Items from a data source
________________________________________

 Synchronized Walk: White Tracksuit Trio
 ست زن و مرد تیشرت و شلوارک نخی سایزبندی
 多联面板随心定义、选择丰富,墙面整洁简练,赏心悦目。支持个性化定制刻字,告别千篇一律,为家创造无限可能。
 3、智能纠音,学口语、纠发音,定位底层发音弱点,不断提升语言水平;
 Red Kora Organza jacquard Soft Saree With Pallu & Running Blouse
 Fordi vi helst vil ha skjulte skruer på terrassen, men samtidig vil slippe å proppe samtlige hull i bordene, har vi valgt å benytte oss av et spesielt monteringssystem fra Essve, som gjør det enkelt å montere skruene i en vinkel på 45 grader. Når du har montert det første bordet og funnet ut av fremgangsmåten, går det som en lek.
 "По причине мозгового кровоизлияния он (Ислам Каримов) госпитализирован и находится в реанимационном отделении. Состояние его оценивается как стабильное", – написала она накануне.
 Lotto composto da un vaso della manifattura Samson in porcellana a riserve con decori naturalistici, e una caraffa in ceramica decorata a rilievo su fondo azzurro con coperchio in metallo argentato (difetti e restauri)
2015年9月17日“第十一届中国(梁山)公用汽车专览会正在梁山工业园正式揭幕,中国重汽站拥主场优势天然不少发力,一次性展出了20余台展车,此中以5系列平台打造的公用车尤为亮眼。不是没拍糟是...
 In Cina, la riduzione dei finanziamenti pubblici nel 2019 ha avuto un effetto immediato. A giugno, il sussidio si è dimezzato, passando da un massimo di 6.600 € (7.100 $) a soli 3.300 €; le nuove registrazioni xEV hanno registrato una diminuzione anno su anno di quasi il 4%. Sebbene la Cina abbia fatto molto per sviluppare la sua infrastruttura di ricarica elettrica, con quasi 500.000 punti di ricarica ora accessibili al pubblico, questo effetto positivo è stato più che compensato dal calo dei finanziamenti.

________________________________________

The answer must be an exact copy of every record above.

#### SOLVED EXERCISE:
 Synchronized Walk: White Tracksuit Trio
 ست زن و مرد تیشرت و شلوارک نخی سایزبندی
 多联面板随心定义、选择丰富,墙面整洁简练,赏心悦目。支持个性化定制刻字,告别千篇一律,为家创造无限可能。
 3、智能纠音,学口语、纠发音,定位底层发音弱点,不断提升语言水平;
 Red Kora Organza jacquard Soft Saree With Pallu & Running Blouse
 Fordi vi helst vil ha skjulte skruer på terrassen, men samtidig vil slippe å proppe samtlige hull i bordene, har vi valgt å benytte oss av et spesielt monteringssystem fra Essve, som gjør det enkelt å montere skruene i en vinkel på 45 grader. Når du har montert det første bordet og funnet ut av fremgangsmåten, går det som en lek.
 "По причине мозгового кровоизлияния он (Ислам Каримов) госпитализирован и находится в реанимационном отделении. Состояние его оценивается как стабильное", – написала она накануне.
 Lotto composto da un vaso della manifattura Samson in porcellana a riserve con decori naturalistici, e una caraffa in ceramica decorata a rilievo su fondo azzurro con coperchio in metallo argentato (difetti e restauri)
2015年9月17日“第十一届中国(梁山)公用汽车专览会正在梁山工业园正式揭幕,中国重汽站拥主场优势天然不少发力,一次性展出了20余台展车,此中以5系列平台打造的公用车尤为亮眼。不是没拍糟是...
 In Cina, la riduzione dei finanziamenti pubblici nel 2019 ha avuto un effetto immediato. A giugno, il sussidio si è dimezzato, passando da un massimo di 6.600 € (7.100 $) a soli 3.300 €; le nuove registrazioni xEV hanno registrato una diminuzione anno su anno di quasi il 4%. Sebbene la Cina abbia fatto molto per sviluppare la sua infrastruttura di ricarica elettrica, con quasi 500.000 punti di ricarica ora accessibili al pubblico, questo effetto positivo è stato più che compensato dal calo dei finanziamenti.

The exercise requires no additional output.